Nahrungsmittel oder Kraftstoff?

Als der Generalsekretär der Vereinten Nationen, Ban Ki-moon, vor kurzem die Antarktis besuchte, war er von dem schmelzenden Eis beeindruckt, das er dort sah. Dann reiste er nach Brasilien, wo er von der Nutzung von Biokraftstoff beeindruckt war, mit dem ein Viertel des Kraftfahrzeugverkehrs des Landes betrieben wird. Aus Raps gepresstes Öl kann als Diesel genutzt werden, und aus Mais und Zuckerrüben kann Äthanol gewonnen werden, um Benzin zu ersetzen.

Die UNO teilt mit vielen Ländern die Ansicht, dass Biokraftstoff eine Option zur Bekämpfung des Klimawandels darstellt. Die Vereinigten Staaten subventionieren die Produktion von Äthanol aus Mais großzügig, wobei der Ertrag dort gegenwärtig um 12 % pro Jahr steigt und weltweit um fast 10 %. Die EU-Länder haben die Produktion von Biokraftstoff 2006 mit € 3,7 Milliarden subventioniert und beabsichtigen, 8 % ihres Motorenkraftstoffs bis 2015 und 20 % bis 2020 damit abzudecken. Das Protokoll von Kyoto gestattet es den Ländern, ihre angestrebte Reduktion des CO2-Ausstoßes durch den Austausch fossiler Brennstoffe durch Biokraftstoffe zu erreichen.

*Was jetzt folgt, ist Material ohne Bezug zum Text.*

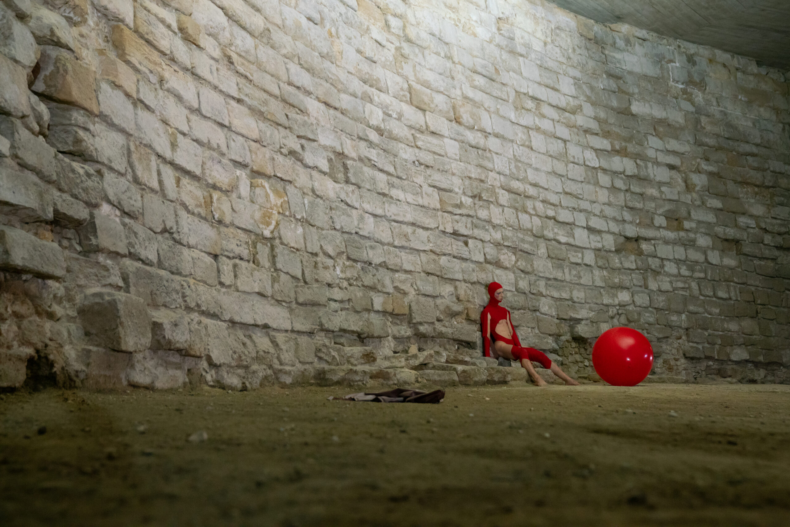 Si les premières figures de fou montrées dans l'exposition temporaire du musée du Louvre apparaissent dans les marges des incunables, François Chaignaud les inscrit aussi sur les bordures et les interstices des pierres de taille de l'ancien château fort. Niché dans un soupirail ou juché sur une corniche, le fou chante ou se mire dans une occupation égotique. Le danseur et chorégraphe a choisi d'occuper l'espace et de créer un fil rouge en utilisant des ballons ou d'autres accessoires. Au-delà du repère qui guide la déambulation, il en résulte une impression de légèreté et de fantaisie. La scénographie intègre de légers miroirs disposés en hauteur, une installation gonflable d'un rose tendre ou de drôles d'engins vibrant à la surface de l'eau, citation malicieuse de la dimension érotique de la figure du fou, évoquée dans l'exposition.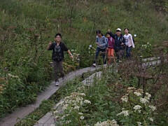 班で声をかけ合って                                      八島湿原までのハイキングを終えて
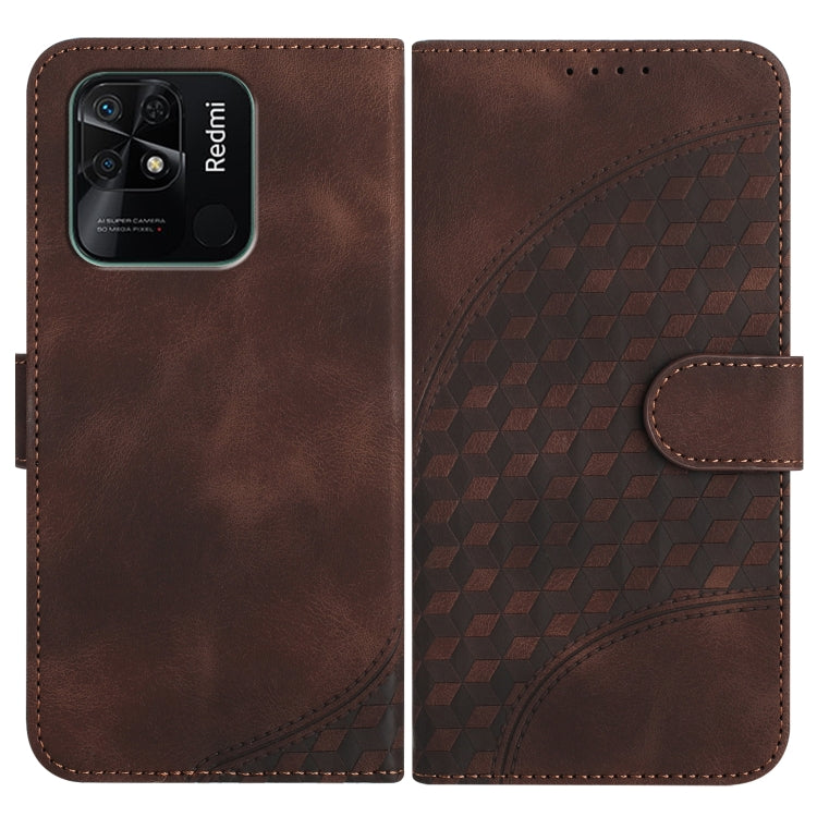 For For Xiaomi Redmi 10C 4G Global/10 India YX0060 Elephant Head Embossed Phone Leather Case with Lanyard(Coffee)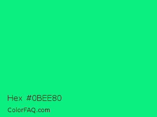 Hex #0bee80 Color is a normal green color and the nearest color is Spring Green #00ff7f. Hex code #0bee80 and RGB value is rgb(11,238,128). In RGB color space, this color is composed of 4% red, 93% green, 50% blue, In CMYK color space, this color is composed of 95% cyan, 0% magenta, 46% yellow , 7% black , In HSL color space, this color has a hue angle of 151° , 91% saturation and 49% lightness.

Doch stellt das Verbrennen von Nahrungsmitteln, anstatt sie zu essen, wirklich eine kluge und ethisch annehmbare Strategie dar? Wenn wir zulassen, dass Nahrungsmittel zur Herstellung von Biokraftstoffen verwendet werden, werden dadurch die Lebensmittelpreise an den Ölpreis gekoppelt, wie der Präsident des deutschen Bauernverbands freudig bekanntgab. Tatsächlich steigen derzeit in Europa die Lebensmittelpreise, weil immer mehr Ackerland für Biokraftstoffe anstatt für die Nahrungsmittelproduktion verwendet wird.